Jon Taylor / Creative Commons

In 1949, the merchants of Roanoke decided to hype the holiday season with a giant star.  Made from 2,000 feet of neon tubing, the star sits atop a mountain - visible for sixty miles from the air, and this summer it has a new claim to fame - standing at the center of a theater festival.  

Ernie Zulia is the artistic director of Hollins University’s theater and is the man behind a show about Roanoke’s star.  He traces the idea to ancient Greece.

“They would create these great masterpieces of theatre and then organize these festivals of theatre on top of the highest point of the city, which was the acropolis. So it seemed like a fabulous idea to gather as a community and ascend our acropolis to sit together and experience live theatre.”

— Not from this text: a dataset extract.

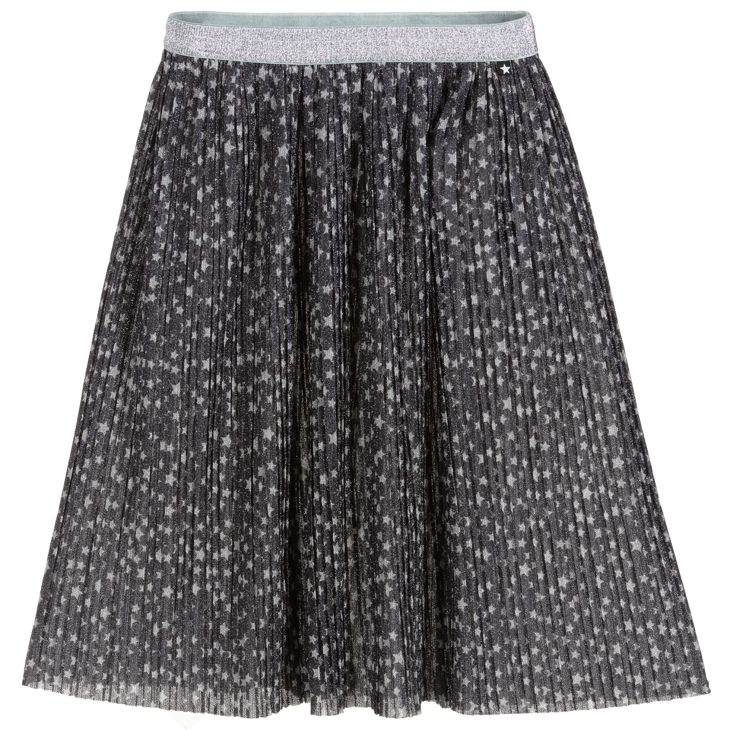Girls lovely, glittery grey pleated skirt with a silver star print by Molo. Made in a soft and stretchy polyester blend, it has a glittery silver elasticated waistband.
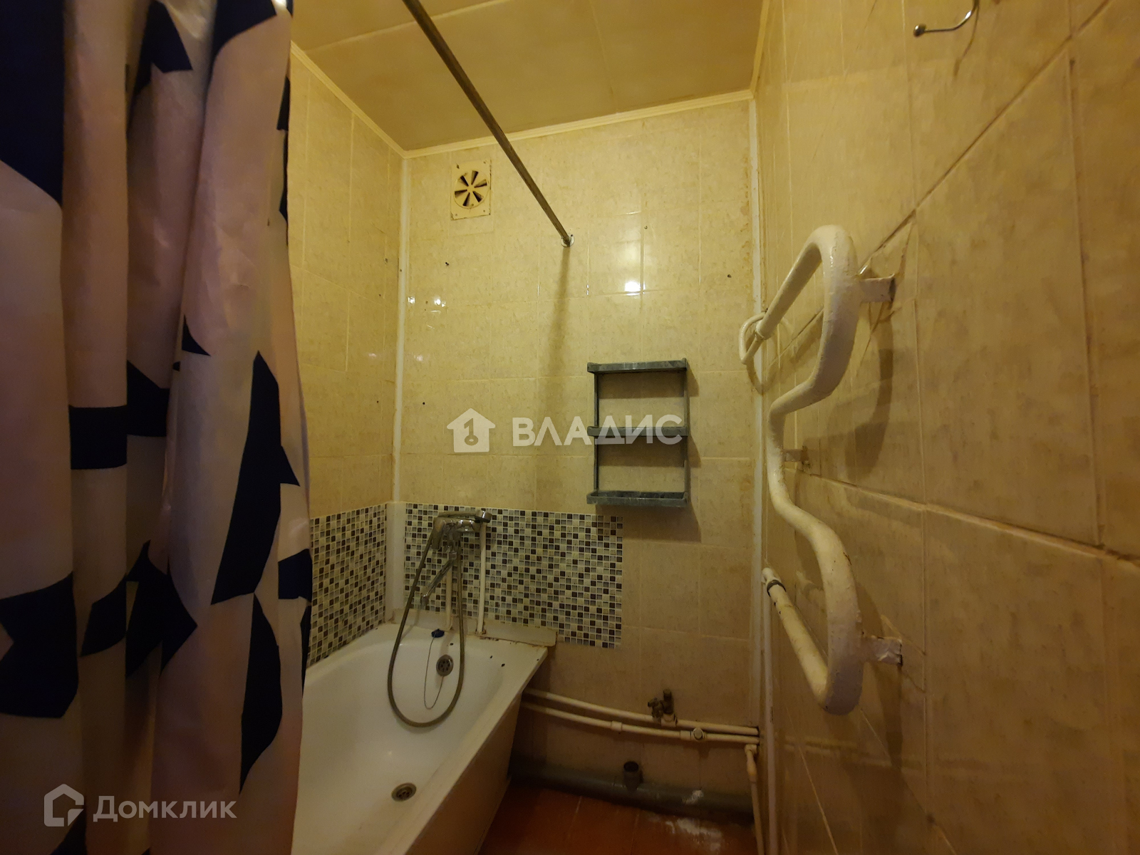 Квартира с обычным ремонтом. Ванна сделана плиткой. На кухне установлен кухонный гарнитур.

Dubbed Starcropolis, the festival will feature a poetry slam, music, dance and more than a dozen plays or star stories like this one:

“’You see that one over there? The bright one?’ ‘Over there?’ ‘That’s not a star, doofus, it’s a jet! Look again.’ ‘What, that one?’ ‘That’s Sirius.’ ‘Looks like a happy star to me!’ “S - I - R - I - U - S! It’s the name of the star!’”

Katherine Fralin is co-director of the event.  She believes the star unifies and inspires the entire city.


“I found myself going up to the star and overhearing conversations that were really powerful and really interesting, and it pretty much happened every time I went up there. So, it seemed to me that not only was it fun to bear witness to that, but to have a place that were set at the star that really captured some of these monumental moments that are happening beneath of our star and overlooking our city.”

And she hopes Starcropolis will spark a new appreciation for Roanoke and its heritage. 

“I also think people who come will see their mountain a little differently. I think they’ll get a sense of just how special it is that we have this mountain in our heart and in the center of the city.”

Starcropolis is Sunday, September 4th under the bright lights of the Roanoke Star.